Madagascar : une échappée, genèse d’une connexion à l’humanité
- Kinsley David
- 21 août
- 6 min de lecture
Il est six heures.
Madagascar s’éveille, le ciel change de couleur, peu à peu s’efface le silence et sa douceur.
Les moteurs grondent, les carcasses grincent sans trêve, les bus penchés débordent d’une foule qui se lève.
De ma chambre, un rideau voile ce qui gêne, la misère en filigrane, l’île et ses chaînes.
Ici, le dépaysement est une claque en plein cœur, comme un randonneur perdu, désarmé par la peur.
La modernité serre la pauvreté dans ses bras, une étreinte étrange où chacun perd un peu de soi.
Dans les rues, les mondes se croisent sans détour, les riches et les pauvres, les heures et les jours.
Les enfants effleurent les voitures à l’arrêt, ils chantent des douleurs que nul ne saurait taire.
Je ne comprends pas leurs mots, mais leur chant me transperce, leur langue est un cri, une prière, une averse.
Les grues s’élèvent, les chantiers bourdonnent, les affiches promettent, les façades résonnent.
Banques, téléphériques, tours flambant neuves, comme un mirage d’or que l’avenir soulève.
Mais il suffit d’un pas, d’un regard de travers, pour voir que l’abondance n’arrose pas toute la terre.
La course est lancée, mais certains restent en marge, coincés à jamais sur les bords du mirage
Il fut un jour. Il fut un matin.
Premier jour à Madagascar, l’île aux mille visages à découvrir.
En plein cœur de Tana, une ville dont le cœur bat en arythmie, tantôt lente, tantôt brutale, comme un tambour fêlé qu’on essaie tant bien que mal de réparer.
Ici, les contrastes choquent :La misère enlace la modernité, et chaque recoin de rue en porte les stigmates.
Un centre commercial reluit de ses vitrines neuves, mais derrière, des bidonvilles s’effacent sous la poussière.
Des Renault 4L fatiguées croisent des bolides arrogants, et les enfants aux habits troués errent, à deux pas des fils de bureaucrates en costume et cravate.
On me dit : « Ne juge pas trop vite, Tana n’est qu’un fragment, l’île est vaste.
Elle fait deux fois la taille de la France, et bien plus diverse. »
Alors je retiens mes mots, je range mes jugements, et j’attends d’être conquis par les villages à venir.
Mais une chose déjà m’étonne : Même les aliments ont ici un goût neuf.
Le riz, les légumes, le pain, un goût de vrai, un goût de terre et de vent.

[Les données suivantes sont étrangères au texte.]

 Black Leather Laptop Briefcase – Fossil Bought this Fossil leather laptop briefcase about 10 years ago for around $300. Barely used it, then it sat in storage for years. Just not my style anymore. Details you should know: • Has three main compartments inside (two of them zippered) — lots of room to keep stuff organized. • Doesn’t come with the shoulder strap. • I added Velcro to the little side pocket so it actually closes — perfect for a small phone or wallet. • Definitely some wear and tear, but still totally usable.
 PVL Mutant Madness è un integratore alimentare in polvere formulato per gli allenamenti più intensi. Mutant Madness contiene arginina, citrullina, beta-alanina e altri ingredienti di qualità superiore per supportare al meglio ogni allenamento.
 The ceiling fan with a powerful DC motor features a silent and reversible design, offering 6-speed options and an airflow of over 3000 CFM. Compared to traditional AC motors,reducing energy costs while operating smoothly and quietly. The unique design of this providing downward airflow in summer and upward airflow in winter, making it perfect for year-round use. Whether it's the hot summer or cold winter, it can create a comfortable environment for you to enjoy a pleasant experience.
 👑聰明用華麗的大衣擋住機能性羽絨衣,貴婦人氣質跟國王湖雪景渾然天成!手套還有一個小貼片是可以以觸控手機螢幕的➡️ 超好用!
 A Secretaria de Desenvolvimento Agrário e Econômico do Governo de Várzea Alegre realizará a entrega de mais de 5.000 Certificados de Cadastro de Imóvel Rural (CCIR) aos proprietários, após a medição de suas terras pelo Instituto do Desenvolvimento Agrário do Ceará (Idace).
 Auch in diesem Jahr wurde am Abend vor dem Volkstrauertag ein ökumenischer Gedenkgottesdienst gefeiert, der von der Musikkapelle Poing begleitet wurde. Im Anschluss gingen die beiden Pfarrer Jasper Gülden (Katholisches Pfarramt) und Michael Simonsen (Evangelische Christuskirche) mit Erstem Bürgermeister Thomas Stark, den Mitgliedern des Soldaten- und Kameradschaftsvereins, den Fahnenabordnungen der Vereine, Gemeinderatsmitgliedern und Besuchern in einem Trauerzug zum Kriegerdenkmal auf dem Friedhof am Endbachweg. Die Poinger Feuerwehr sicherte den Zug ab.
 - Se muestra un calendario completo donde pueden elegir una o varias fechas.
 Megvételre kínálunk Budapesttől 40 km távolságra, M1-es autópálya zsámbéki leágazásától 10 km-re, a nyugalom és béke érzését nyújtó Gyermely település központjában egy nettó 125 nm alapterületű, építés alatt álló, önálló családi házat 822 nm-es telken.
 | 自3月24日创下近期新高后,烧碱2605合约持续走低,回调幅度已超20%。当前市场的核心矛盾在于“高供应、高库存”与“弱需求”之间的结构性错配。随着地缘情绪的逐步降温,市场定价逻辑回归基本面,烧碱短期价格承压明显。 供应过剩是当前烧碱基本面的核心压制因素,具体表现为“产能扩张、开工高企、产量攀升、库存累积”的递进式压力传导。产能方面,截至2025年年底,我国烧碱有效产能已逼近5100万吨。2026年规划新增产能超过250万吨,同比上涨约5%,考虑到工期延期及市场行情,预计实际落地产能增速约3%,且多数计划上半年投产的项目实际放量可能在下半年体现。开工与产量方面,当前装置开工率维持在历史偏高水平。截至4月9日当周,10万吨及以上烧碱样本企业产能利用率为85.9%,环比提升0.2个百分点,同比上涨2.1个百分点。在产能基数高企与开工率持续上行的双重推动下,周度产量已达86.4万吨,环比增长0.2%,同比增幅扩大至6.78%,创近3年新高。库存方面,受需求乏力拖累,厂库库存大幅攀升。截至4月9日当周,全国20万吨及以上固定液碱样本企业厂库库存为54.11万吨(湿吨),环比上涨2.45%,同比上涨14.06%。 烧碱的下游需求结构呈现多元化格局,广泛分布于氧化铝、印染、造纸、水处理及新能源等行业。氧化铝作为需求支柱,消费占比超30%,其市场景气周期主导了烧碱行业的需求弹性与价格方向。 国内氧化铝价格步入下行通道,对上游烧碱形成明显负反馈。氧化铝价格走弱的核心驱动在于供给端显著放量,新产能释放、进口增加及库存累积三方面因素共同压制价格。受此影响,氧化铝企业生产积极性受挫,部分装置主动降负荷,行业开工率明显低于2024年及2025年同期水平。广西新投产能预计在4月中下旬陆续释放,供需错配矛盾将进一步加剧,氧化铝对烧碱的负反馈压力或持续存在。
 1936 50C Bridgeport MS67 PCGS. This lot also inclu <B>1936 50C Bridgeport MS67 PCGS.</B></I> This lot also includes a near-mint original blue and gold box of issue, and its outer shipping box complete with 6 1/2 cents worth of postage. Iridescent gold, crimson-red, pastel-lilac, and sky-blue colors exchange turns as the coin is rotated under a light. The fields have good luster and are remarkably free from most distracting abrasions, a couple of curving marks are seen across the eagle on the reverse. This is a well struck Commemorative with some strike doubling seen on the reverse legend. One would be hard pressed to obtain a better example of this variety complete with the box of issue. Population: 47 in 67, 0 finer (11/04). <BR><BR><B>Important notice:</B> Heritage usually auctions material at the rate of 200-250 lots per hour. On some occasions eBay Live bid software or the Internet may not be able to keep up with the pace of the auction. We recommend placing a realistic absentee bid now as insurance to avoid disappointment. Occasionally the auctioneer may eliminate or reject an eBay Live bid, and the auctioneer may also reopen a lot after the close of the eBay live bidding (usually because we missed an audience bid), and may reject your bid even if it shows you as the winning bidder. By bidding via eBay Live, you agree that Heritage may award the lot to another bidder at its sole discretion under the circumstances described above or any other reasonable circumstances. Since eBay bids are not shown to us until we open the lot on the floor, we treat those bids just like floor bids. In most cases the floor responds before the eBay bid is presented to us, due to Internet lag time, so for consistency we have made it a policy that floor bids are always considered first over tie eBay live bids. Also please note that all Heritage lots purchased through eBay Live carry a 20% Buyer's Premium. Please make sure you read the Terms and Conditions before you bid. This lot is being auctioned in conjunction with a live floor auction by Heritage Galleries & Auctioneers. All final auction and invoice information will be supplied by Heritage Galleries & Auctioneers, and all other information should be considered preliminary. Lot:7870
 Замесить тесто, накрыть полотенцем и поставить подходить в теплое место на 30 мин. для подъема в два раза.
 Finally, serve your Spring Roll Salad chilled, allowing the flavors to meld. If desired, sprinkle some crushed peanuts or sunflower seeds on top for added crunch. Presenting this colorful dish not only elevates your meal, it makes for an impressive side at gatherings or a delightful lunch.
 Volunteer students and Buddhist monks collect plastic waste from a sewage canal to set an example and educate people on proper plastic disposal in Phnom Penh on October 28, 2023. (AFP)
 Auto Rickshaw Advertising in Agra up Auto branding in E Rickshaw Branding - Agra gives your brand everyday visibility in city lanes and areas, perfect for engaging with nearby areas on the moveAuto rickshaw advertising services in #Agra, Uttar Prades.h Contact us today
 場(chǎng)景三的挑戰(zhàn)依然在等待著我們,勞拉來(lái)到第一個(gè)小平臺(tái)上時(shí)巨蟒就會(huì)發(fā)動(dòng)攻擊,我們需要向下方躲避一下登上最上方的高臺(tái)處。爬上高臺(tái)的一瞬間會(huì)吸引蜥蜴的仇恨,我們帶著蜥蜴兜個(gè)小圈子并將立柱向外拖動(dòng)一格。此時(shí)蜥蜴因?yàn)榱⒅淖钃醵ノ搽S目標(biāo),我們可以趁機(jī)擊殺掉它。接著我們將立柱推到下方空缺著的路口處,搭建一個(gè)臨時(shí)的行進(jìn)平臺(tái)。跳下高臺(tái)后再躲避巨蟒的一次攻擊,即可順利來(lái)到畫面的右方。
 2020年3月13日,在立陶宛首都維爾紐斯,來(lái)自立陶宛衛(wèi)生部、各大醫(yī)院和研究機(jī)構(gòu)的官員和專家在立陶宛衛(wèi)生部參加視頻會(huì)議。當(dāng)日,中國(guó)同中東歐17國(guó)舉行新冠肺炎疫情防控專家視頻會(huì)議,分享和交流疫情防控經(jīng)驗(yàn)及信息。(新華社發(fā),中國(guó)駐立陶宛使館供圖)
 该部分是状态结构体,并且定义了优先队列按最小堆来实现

Rien à voir avec les étals de Maurice, où le frais est devenu luxe, et où le lobbying a dévoré les saisons.
Trêve de superficialité.
Je suis ici pour une cause bien plus haute, celle de ceux qu’on vend, qu’on déplace, qu’on oublie.
Contre la traite des êtres humains, pour que nos deux îles se tendent la main, et proposent des chemins d’espoir, durables et justes.
Il fut un jour. Il fut un matin. Deuxième jour.
Tana me livre chaque jour un visage différent.
Une ville vaste, immense, dont la beauté semble toujours masquée, comme un secret que l’on refuse de dire.
On me dit que le pays est riche.
Riche de nature, riche de cœur, mais cette richesse ne coule pas à flot pour tous.
Elle dort, figée, entre les mains d’une poignée.
Ceux-là mêmes qui vivent reclus dans leurs palais, derrière des murs hauts comme des silences, tandis que le peuple compte les pas entre deux espoirs.
La méfiance flotte dans l’air, les voix parlent bas, les regards glissent, prudents, car ici les trônes sont solides, et les miettes ne tombent pas toujours.
Alors certains fuient.
Ils prennent la mer, le désert, les routes incertaines.
Ils écoutent les loups déguisés en agneaux, ces vendeurs d’illusions qui promettent une terre où coulent le lait, le miel et l’oubli.
Elles sont nombreuses, ces femmes au courage tissé de chagrin, qui laissent derrière elles une famille, une maison, pour tenter l’impossible.
Elles savent les risques, mais entre la peste et le choléra, elles choisissent le possible.
Ce ne sont pas mes mots.
Ce sont ceux des combattants de l’ombre, celles et ceux qui refusent l’indifférence, qui tendent la main sans poser de question.
Non aux plus bas de l’échelle, mais à ceux qu’elle n’a même pas effleurés.
La traite des êtres humains.
C’est le mot qu’on pose, mais ce n’est qu’un sommet.
Dessous, il y a l’abîme : la pauvreté, les espoirs mort-nés, les promesses vides, et les années sans main tendue.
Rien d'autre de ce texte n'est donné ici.